Novels make worlds. They create an intuitive sense and mental picture of a place. And the senses of space produced by fiction shape how readers view the world itself, just as maps do.
For early postcolonial literature, the world of the novel was often the nation. Postcolonial novels were usually set within national borders and concerned in some way with national issues. Sometimes the whole story of the novel was taken as a allegory of the nation, whether in India or Tanzania. It was important in supporting anti-colonial nationalism, but it could also be limiting – land-centered and introverted.
my new book Write ocean worlds explores another type of world of the novel: not the village or the nation, but the world of the Indian Ocean.
The book describes a series of novels in which the Indian Ocean is at the center of the story. It focuses on novelists Amitav Ghosh, Abdulrazak Gurnah, Lindsey Collen and Joseph Conrad. Ghosh is an India-US based writer whose work includes historical fiction from the Indian Ocean; Gurnah is a novelist from Zanzibar, who received the 2021 award Nobel Prize in Literature; Collen is a Mauritius-based author and activist; and Joseph Conrad, is a key figure in the English literary canon.
Read more: The fiction of Nobel Prize winner Abdulrazak Gurnah traces small lives with wit and tenderness
These four authors are notable for having centered the world of the Indian Ocean in the majority of their novels. Each also covers a significant region of the Indian Ocean: phantom the eastern part, Gourna the western part, Colleen the islands and Konrad the perspective of an imperial outsider.
Their work reveals an outward-looking world – full of movement, crossing borders and south-south interconnection. They are all very different – from colonialism (Conrad) to radically anti-capitalist (Collen), but together they inspire and shape a larger sense of Indian Ocean space through themes, images, metaphors and a language. This has the effect of re-mapping the world in the reader’s mind, centered on the interconnected global south.

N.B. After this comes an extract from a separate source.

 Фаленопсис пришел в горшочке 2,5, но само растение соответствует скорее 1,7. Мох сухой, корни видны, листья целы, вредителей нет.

Read more: Exploring the Indian Ocean as a rich archive of history – above and below the waterline
Like the Kenyan novelist Yvonne Adhiambo Owuor said, the narrative of Africa’s interconnectedness with the world in particular “seems to have gotten lost in our post-independence and post-colonial imagination”. As she puts it, “much of Africa is hidden in the sea”.
My book aims to inspire readers to dive into fiction where it is.

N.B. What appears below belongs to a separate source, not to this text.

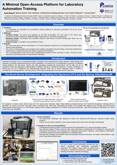 Abstract: Laboratory automation (LA) in experimental biology contributes to the advancement of basic research, biotechnology, and medicine by enabling experiments beyond human capabilities. The demand for LA professionals is growing, but effective training platforms are still scarce. Closed and often proprietary programming environments and the high cost of LA equipment hinder the widespread implementation of efficient training in educational institutions. Three aspects that need to be considered in LA education and training are hardware operation, software scripting and biological experiments. In this study, we propose a low-cost and open-access experimental platform designed to facilitate LA training. It combines an open source OT-2 liquid dispenser (Opentrons) and a small and low-cost Absorbance 96 plate reader (Byonoy) with a newly developed open source microplate transport device. We have also developed software tools to control our platform using Python, a popular programming language. Our platform combines manipulation (liquid handling), observation (absorbance measurement), evaluation and design of experimental conditions, enabling an autonomous loop that searches for optimal experimental conditions. The use of open source technology removes the cost barrier associated with developing specialised equipment. This platform would make LA training more accessible in educational institutions, enabling coherent learning of hardware, software and biology.

The Indian Ocean connection
Indian Ocean World is a term used to describe the very long lasting Connections between the coasts of East Africa, the Arabian coasts and South and East Asia. These connections were made possible by the geography of the Indian Ocean.
For much of history, travel by sea was much easier than by land, which meant that far-distant port cities were often more easily connected to each other than to much closer inland cities. Historical and archaeological evidence suggests that what we now call globalization has emerged in the Indian Ocean. This is the interconnected ocean world referenced and produced by the novels in my book.
The Indian Ocean novel in English is a small but substantial genre, also including works by MG Vassanji, Michel Ondaatje, Romesh Gunesekeraand many more.
Read more: Literature sheds light on the history and mystery of the Southern Ocean
For their part, Ghosh, Gurnah, Collen, and even Conrad refer to a different set of stories and geographies than those more often found in English-language fiction. These are mostly centered in Europe or the United States, assume a background of Christianity and whiteness, and mention places like Paris and New York.
Rather, the book’s novels highlight a largely Islamic space, feature characters of color, and centralize the ports of Malindi, Mombasa, Aden, Java, and Bombay.
To take an example, in Gurnah’s novel By the sea, a teacher from Zanzibar shows his young students their place in the world, and he traces a long, continuous line around the east coast of Africa, to India, and through the Malay and Indonesian archipelagos, to China. This, he says, is where we are, circling Zanzibar and pointing east and out to sea. Just outside the classroom:
throngs of sailboats lie plank to plank in the harbour, the sea between them glistening with slicks of their trash… the streets crowded with Somalis or Suri Arabs or Sindhis, buying and selling and engaging in incomprehensible fights, and the night camping in outdoor spaces, singing happy songs and brewing tea…
It is a densely imagined and richly sensory image of a southern cosmopolitan culture which provides an expanded sense of belonging to the world.
Represent Africa
This remapping is particularly powerful for the representation of Africa. In fiction, sailors and travelers are not all European. And Africa is not portrayed as a hydrophobic continent that only welcomes rather than sends explorers. African, Indian and Arab characters are traders, nakhodas (dhow captains), runaways, villains, missionaries, militants.
This is not to say that Indian Ocean Africa is romanticized. Migration is often a matter of strength; the journey is presented as an abandonment rather than an adventure; freedoms are denied to women; and slavery is rampant.
This means that the African part of the Indian Ocean world plays an active role in its long and rich history, and therefore in that of the rest of the world.